Friday, May 15, 2015

How Homo Economicus Went Extinct

by Carol Tavris

Wall Street Journal

May 15, 2015

As a social psychologist, I have long been amused by economists and their curiously delusional notion of the “rational man.” Rational? Where do these folks live? Even 50 years ago, experimental studies were demonstrating that people stay with clearly wrong decisions rather than change them, throw good money after bad, justify failed predictions rather than admit they were wrong, and resist, distort or actively reject information that disputes their beliefs. In recent years, a new field has emerged—“behavioral economics”—to propose an alternative to the rational man of traditional economics. A spate of popular books and empirical studies have been published exploring human irrationality—in decision making, beliefs and actions. Researchers in this field are making up for lost time, or perhaps realizing that they are social psychologists after all.

As the offspring of traditional economics and experimental social psychology, behavioral economics shows remarkable hybrid vigor, and Richard Thaler, one of the new field’s founders, acknowledges its debt to psychological science throughout his highly enjoyable intellectual autobiography, “Misbehaving.” Indeed, his opening aphorism is Vilfredo Pareto’s 1906 claim that “the foundation of political economy and, in general, of every social science, is evidently psychology. A day may come when we shall be able to deduce the laws of social science from the principles of psychology.” That day is here, as Mr. Thaler explains.

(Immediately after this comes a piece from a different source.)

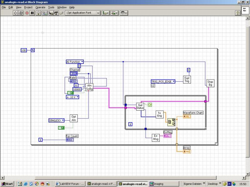 Habe mich noch mal mit dem SubVi AInScBg beschäftigt. Ich habe die Leseroutine so geändert, dass der Wert erst weiterverarbeitet wird, wenn das SubVi GetStatus den Wert Idle ausgibt.

For all of his creative career spanning 40 years, Mr. Thaler, who is a professor of behavioral science and economics at the University of Chicago Graduate School of Business, has been studying “the myriad ways in which people depart from the fictional creatures that populate economic models.” As human beings who arrogantly and often wrongly consider ourselves “sapiens,” we simply don’t match the model of human behavior favored by economists, one that “replaces homo sapiens” (whom Mr. Thaler calls Humans) with “a fictional creature called homo economicus” (whom he calls Econ). “Econs do not have passions; they are cold-blooded optimizers,” he says. “Compared to this fictional world of Econs, Humans do a lot of misbehaving”—thus the book’s title.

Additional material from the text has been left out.